Below are the entries. Print only the lines starting at the one with "Sejak pagi hari, suasana" and ending at the one with "Leather wall covering", exactly, with no pictures.

PROVIDED RECORDS Block Start

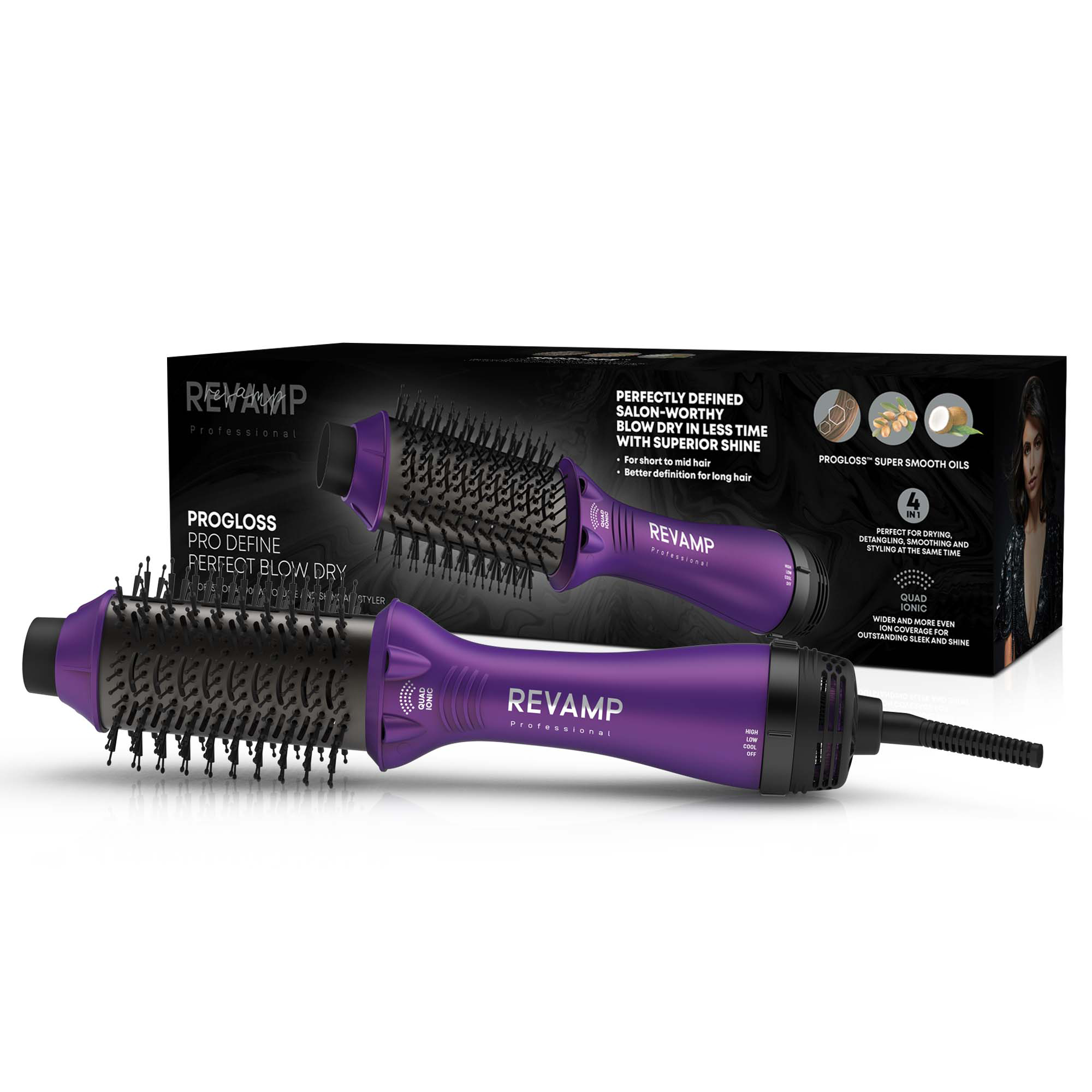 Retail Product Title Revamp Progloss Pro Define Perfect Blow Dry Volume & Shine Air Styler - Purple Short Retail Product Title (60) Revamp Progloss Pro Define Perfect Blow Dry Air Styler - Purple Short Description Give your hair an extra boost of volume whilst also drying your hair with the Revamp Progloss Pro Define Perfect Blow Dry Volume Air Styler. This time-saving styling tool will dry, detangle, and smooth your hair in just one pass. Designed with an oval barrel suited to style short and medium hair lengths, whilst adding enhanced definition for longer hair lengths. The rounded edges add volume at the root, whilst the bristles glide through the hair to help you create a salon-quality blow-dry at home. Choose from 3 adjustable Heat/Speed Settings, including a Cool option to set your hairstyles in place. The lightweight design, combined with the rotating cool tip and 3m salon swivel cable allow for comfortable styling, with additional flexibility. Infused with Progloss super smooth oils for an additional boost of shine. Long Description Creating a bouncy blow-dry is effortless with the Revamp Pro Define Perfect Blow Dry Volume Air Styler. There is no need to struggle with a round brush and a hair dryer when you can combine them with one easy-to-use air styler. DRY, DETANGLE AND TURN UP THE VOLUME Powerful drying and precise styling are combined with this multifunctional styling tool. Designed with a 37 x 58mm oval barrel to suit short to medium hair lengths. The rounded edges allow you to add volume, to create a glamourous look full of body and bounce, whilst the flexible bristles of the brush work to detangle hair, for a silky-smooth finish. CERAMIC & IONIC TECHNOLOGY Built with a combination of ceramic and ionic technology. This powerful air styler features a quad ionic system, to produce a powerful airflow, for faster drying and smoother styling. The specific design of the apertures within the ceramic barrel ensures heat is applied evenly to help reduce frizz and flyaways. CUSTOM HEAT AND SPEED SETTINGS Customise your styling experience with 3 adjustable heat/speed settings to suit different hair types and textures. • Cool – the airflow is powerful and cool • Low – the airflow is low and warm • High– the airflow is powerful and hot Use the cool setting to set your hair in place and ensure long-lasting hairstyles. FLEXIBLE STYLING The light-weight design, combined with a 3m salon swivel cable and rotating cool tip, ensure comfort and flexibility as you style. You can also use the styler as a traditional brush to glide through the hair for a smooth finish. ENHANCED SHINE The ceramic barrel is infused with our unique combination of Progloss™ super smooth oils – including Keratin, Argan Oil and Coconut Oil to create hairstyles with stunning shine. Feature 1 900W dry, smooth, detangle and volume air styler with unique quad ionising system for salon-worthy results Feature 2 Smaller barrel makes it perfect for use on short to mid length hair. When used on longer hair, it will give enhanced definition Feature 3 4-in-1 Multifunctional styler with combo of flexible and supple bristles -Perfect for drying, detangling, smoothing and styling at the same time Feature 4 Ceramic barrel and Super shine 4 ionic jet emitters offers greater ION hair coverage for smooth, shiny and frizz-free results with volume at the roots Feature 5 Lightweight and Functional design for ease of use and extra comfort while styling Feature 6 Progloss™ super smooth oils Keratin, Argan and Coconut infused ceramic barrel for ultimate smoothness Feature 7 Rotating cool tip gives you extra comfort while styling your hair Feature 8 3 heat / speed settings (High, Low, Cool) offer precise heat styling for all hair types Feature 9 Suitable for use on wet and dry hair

PROVIDED RECORDS Block End
PROVIDED RECORDS Block Start

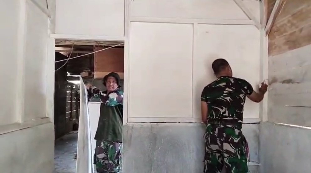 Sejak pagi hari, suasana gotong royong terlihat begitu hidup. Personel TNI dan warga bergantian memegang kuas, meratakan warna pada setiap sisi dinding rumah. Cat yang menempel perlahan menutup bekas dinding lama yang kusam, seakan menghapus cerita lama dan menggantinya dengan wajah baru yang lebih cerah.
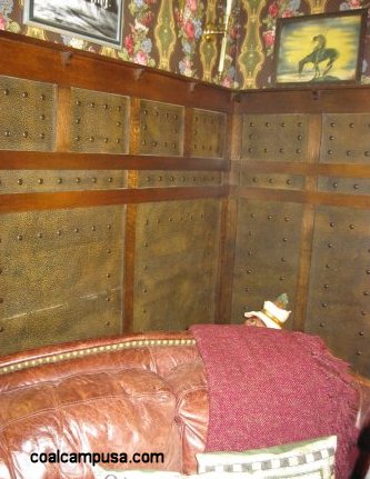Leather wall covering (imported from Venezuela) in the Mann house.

PROVIDED RECORDS Block End
PROVIDED RECORDS Block Start

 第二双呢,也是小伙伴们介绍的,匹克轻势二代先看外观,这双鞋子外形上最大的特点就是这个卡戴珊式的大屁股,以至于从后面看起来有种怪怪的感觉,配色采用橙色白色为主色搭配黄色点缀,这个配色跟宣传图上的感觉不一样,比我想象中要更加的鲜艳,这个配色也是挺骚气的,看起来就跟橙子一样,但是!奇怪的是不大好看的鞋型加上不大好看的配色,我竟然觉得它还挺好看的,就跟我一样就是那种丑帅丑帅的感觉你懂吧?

PROVIDED RECORDS Block End

-- COMPLETED EXERCISE --
 Sejak pagi hari, suasana gotong royong terlihat begitu hidup. Personel TNI dan warga bergantian memegang kuas, meratakan warna pada setiap sisi dinding rumah. Cat yang menempel perlahan menutup bekas dinding lama yang kusam, seakan menghapus cerita lama dan menggantinya dengan wajah baru yang lebih cerah.
Leather wall covering (imported from Venezuela) in the Mann house.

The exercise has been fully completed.